Other practical implications or tokenizer inefficiency
Beyond the direct involvement of costs, there is also an indirect impact on the use of the context window. While anthropic models demand a larger context window or 200k tokens, unlike the 128K OpenI tokens, due to verbosity, the useful token space can be narrower can be narrower for anthropic models. Therefore, there could be a small or large difference in the sizes of the context windows “announced” compared to the sizes of the “effective” context windows.
Implementation or tokenizers
The GPT models use the peer coding of bytes (BPE), which are frequently covered by the characters of characters that coocrize to form tokens. Specifically, the latest GPT models use the O200K_Base tokenizer. Here you can see the real tokens used by GPT-4O (in the Tiktoken Tokenizer).
JSON
{
#reasoning
"o1-xxx": "o200k_base",
"o3-xxx": "o200k_base",
# chat
"chatgpt-4o-": "o200k_base",
"gpt-4o-xxx": "o200k_base", # e.g., gpt-4o-2024-05-13
"gpt-4-xxx": "cl100k_base", # e.g., gpt-4-0314, etc., plus gpt-4-32k
"gpt-3.5-turbo-xxx": "cl100k_base", # e.g, gpt-3.5-turbo-0301, -0401, etc.
}
Unfortunately, you can’t say much anthropic tokenors, since your tokenizer is not as direct and easy as GPT. Anthrope released his tokens counting API in December 2024. However, he was soon disappeared in the versions later than 2025.
Late Red reports that “Anthrope uses a unique tokenizer with only 65,000 variations of Token, compared to the variations of Openi 100,261 for GPT-4”. This Colab notebook contains python code to analyze tokenization differences between GPT and Claude models. Another tool that allows the interface with some common tokenizers publicly available our findings.
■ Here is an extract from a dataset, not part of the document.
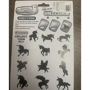 Pericol: Figurina unicorn se extinde cu mai mult de 50% în dimensiune atunci când este în contact cu apa. Dacă un copil îl pune în gură sau îl înghite, contactul cu saliva sau lichidele din stomac va determina extinderea figurinei, ceea ce poate duce la ocluzia căii respiratorii sau la blocarea intestinală. Produsul nu este conform cu cerințele Directivei privind siguranța jucăriilor și nici cu standardul european EN 71.

The ability to proactively estimate tokens counts (without invoking the API of the real model) and budgetary costs is crucial for AI companies.
Key control
- Anthrope’s competitive price comes with hidden costs:
While Sonnet Claude 3.5 sacrifices of Anthrope are sacrificed 40% of entry token costs compared to Openai’s GPT-4O, this advantage of apparent cost can be very accelerating due to differences in how the entry text is touched. - Hidden “tokenizer inefficiency”:
Anthropic models are inherently more Verbose. For companies that process large text volumes, understanding this discrepancy is crucial when evaluating the true cost of implementing models. - INEFICIENCY OF DOMAIN-DEPPEN TOKENIZER:
When choosing between the OpenAi and anthropic models, Evaluate the nature of your entry text. For natural language tasks, the cost difference can be minimal, but technical or structured domains can lead to higher significant costs with anthropic models. - Effective context window:
Due to the verbosity of the anthropic tokenizer, its largest -announced 200K context window can sacrifice a usable space less effective than the 128K of OpenI, which leads to a potential Gap between the announced and real context window.
Anthrope did not respond to Venturebeat’s requests at comments at the time of publication. We will update the story if they respond.